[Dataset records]
[Start of section]
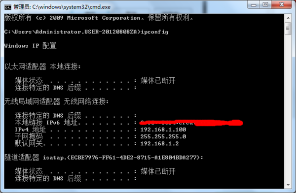 调出cmd命令框后,输入命令: ipconfig 按回车键运行
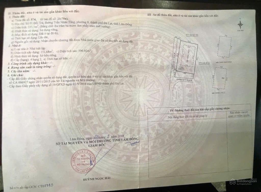 Diện tích: 335m² (2 mặt tiền)
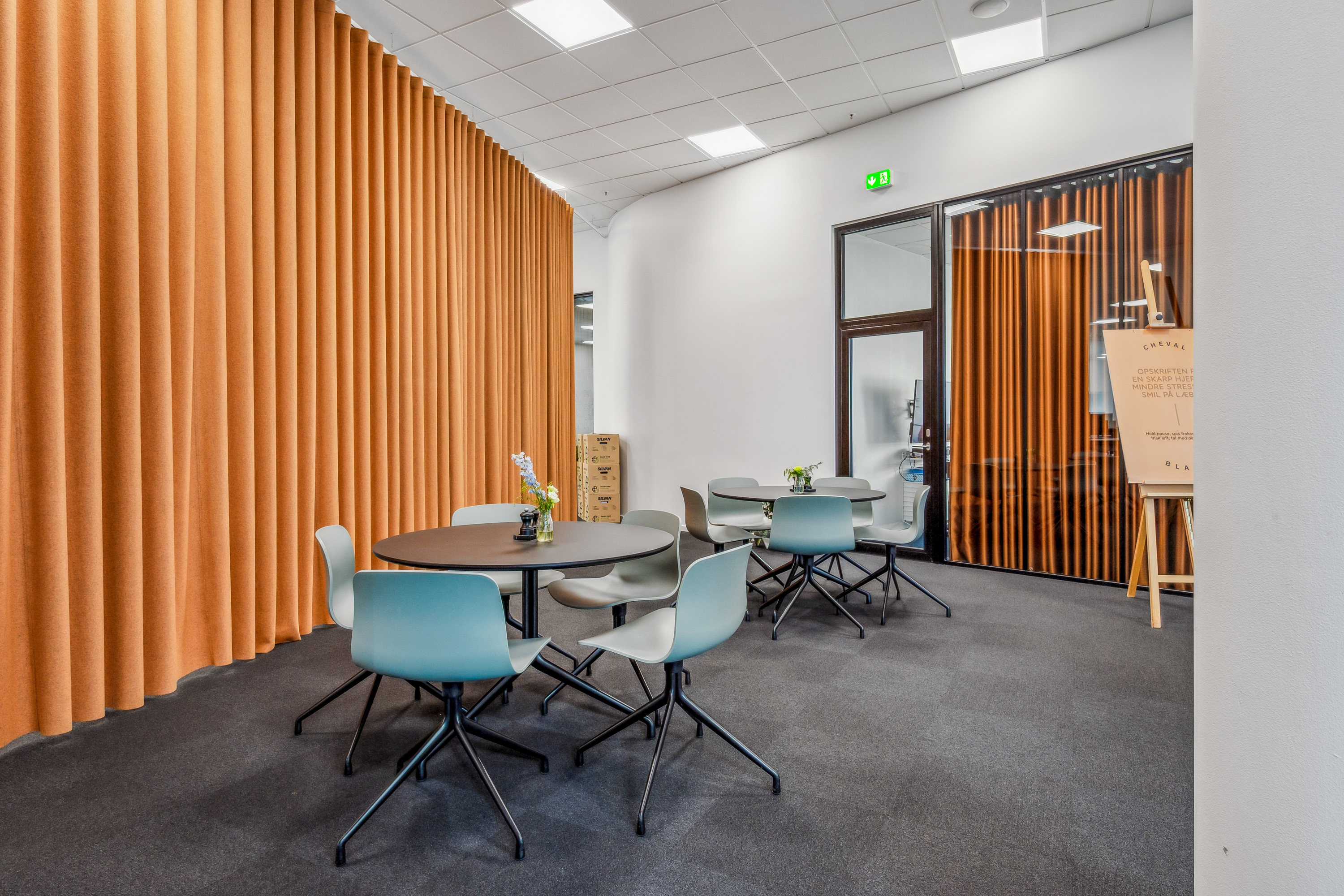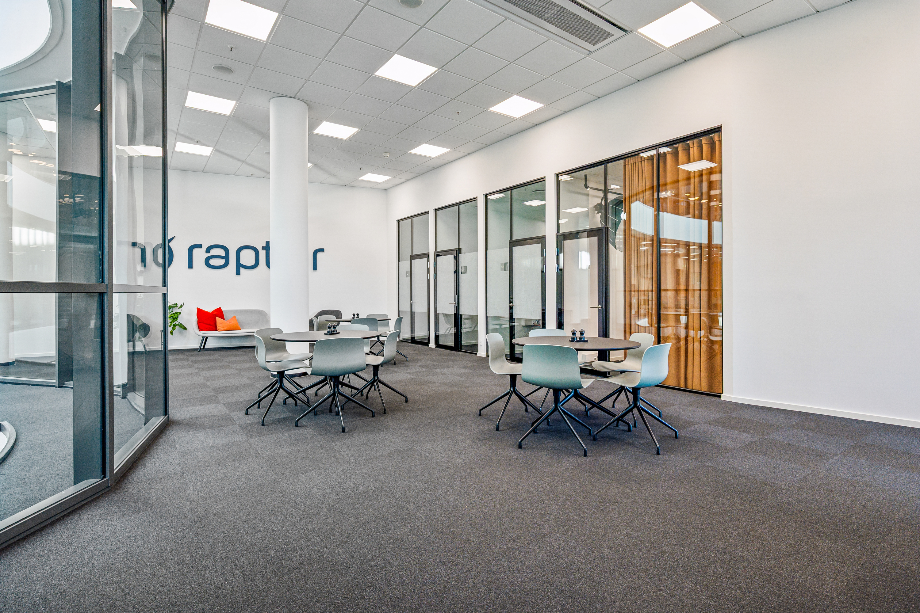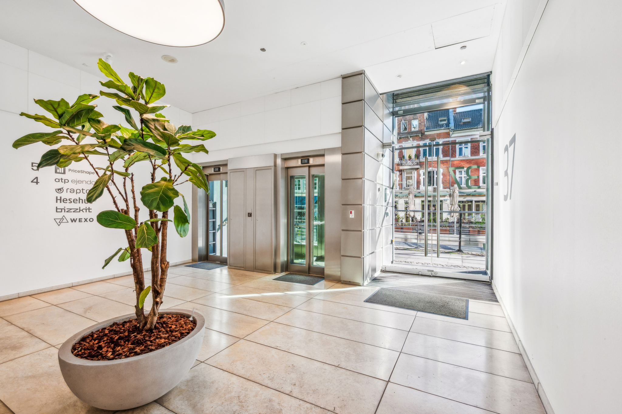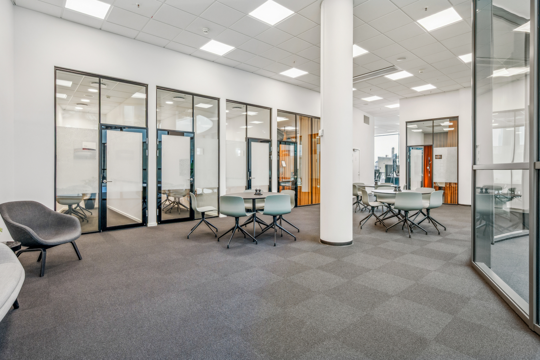 Med indgang fra Åboulevarden – lige overfor caféerne Sidewalk og Grappa – kan man tage elevatoren op til det åbne og indbydende kontor på 4. sal. Her bliver man mødt af et lyst, højloftet og åbent kontorlandskab, hvor enorme gulv til loft vinduespartier åbner for en fantastisk udsigt over Aarhus.
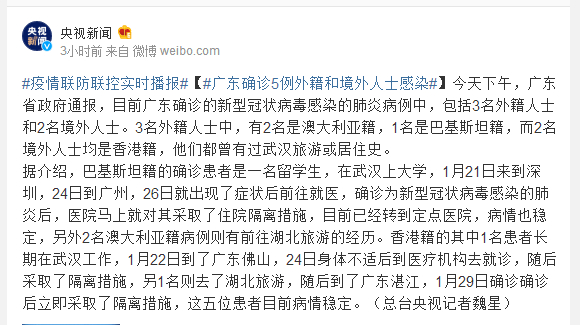 据介绍,巴基斯坦籍的确诊患者是一名留学生,在武汉上大学,1月21日来到深圳,24日到广州,26日就出现了症状后前往就医,确诊为新型冠状病毒感染的肺炎后,医院马上就对其采取了住院隔离措施,目前已经转到定点医院,病情也稳定,另外2名澳大利亚籍病例则有前往湖北旅游的经历。香港籍的其中1名患者长期在武汉工作,1月22日到了广东佛山,24日身体不适后到医疗机构去就诊,随后采取了隔离措施,另1名则去了湖北旅游,随后到了广东湛江,1月29日确诊确诊后立即采取了隔离措施,这五位患者目前病情稳定。(总台央视记者魏星)
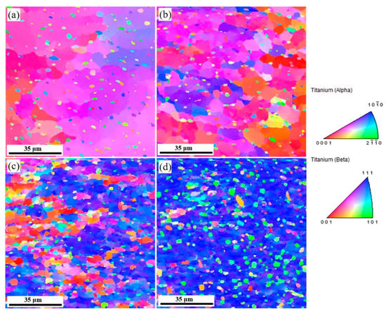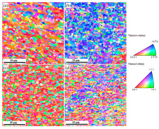 Figure 8. Grain orientation distributions of dual-phase Ti555211 alloy undergoing plastic deformation at various strain rates at 750 °C: (a) 0.005 s−1; (b) 0.05 s−1; (c) 0.5 s−1; (d) 5 s−1.
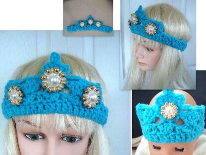 Crochet PATTERN num. 708 - Princess CROWN - TIARA, make newborn to adult sizes, Costume Play, Halloween, Theater , kids, teen. Use as a fancy headband, or for play acting.
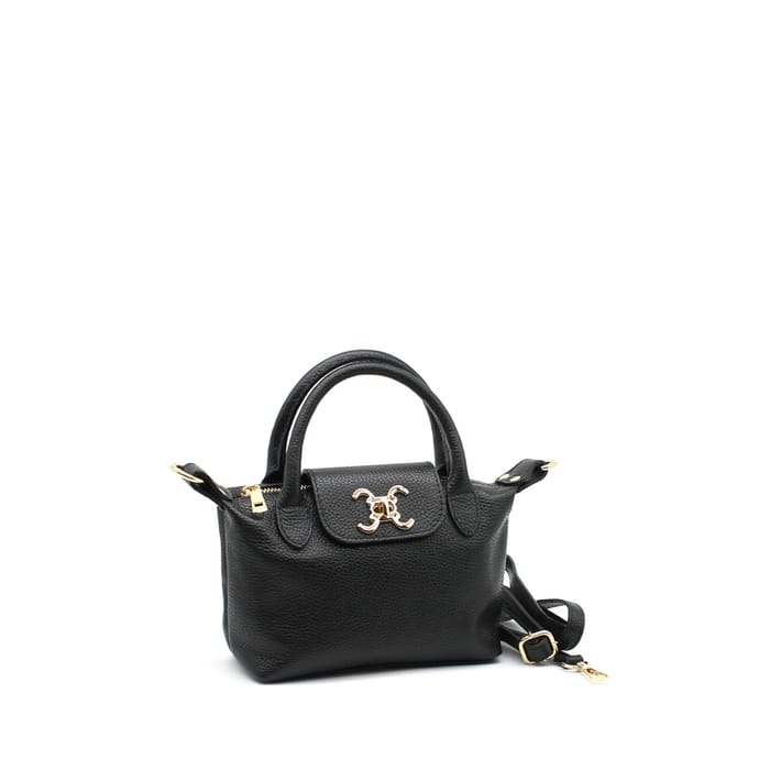 The Vimoda 390428 handbag combines timeless elegance with stylish practicality to fit any occasion. Designed in quality black leather, this model stands out for its chic design, marked by a textured and grained surface that imparts a sophisticated touch. The golden metal details, such as the elegant flap closure and the decorative lettering-like emblem "H", bring a luxurious and subtle note. Ideal for everyday use as well as for events, this versatile bag can be worn with ease thanks to its two main handles, perfect for a grip or a passage on the forearm. A detachable strap also allows to carry it across the shoulder for more comfort. Its functional appearance combines style and storage, with multiple compartments secured by discreet zippers, thus offering an optimal organization for your essentials. An essential accessory for those looking for both discretion and distinction. -
[End of section]
ASSIGNED TASK:
Repeat exactly the lines above, beginning at the one containing "Med indgang fra" and ending at the one containing "Crochet PATTERN num.". Do not carry over any pictures.

WRITTEN SOLUTION:
 Med indgang fra Åboulevarden – lige overfor caféerne Sidewalk og Grappa – kan man tage elevatoren op til det åbne og indbydende kontor på 4. sal. Her bliver man mødt af et lyst, højloftet og åbent kontorlandskab, hvor enorme gulv til loft vinduespartier åbner for en fantastisk udsigt over Aarhus.
 据介绍,巴基斯坦籍的确诊患者是一名留学生,在武汉上大学,1月21日来到深圳,24日到广州,26日就出现了症状后前往就医,确诊为新型冠状病毒感染的肺炎后,医院马上就对其采取了住院隔离措施,目前已经转到定点医院,病情也稳定,另外2名澳大利亚籍病例则有前往湖北旅游的经历。香港籍的其中1名患者长期在武汉工作,1月22日到了广东佛山,24日身体不适后到医疗机构去就诊,随后采取了隔离措施,另1名则去了湖北旅游,随后到了广东湛江,1月29日确诊确诊后立即采取了隔离措施,这五位患者目前病情稳定。(总台央视记者魏星)
 Figure 8. Grain orientation distributions of dual-phase Ti555211 alloy undergoing plastic deformation at various strain rates at 750 °C: (a) 0.005 s−1; (b) 0.05 s−1; (c) 0.5 s−1; (d) 5 s−1.
 Crochet PATTERN num. 708 - Princess CROWN - TIARA, make newborn to adult sizes, Costume Play, Halloween, Theater , kids, teen. Use as a fancy headband, or for play acting.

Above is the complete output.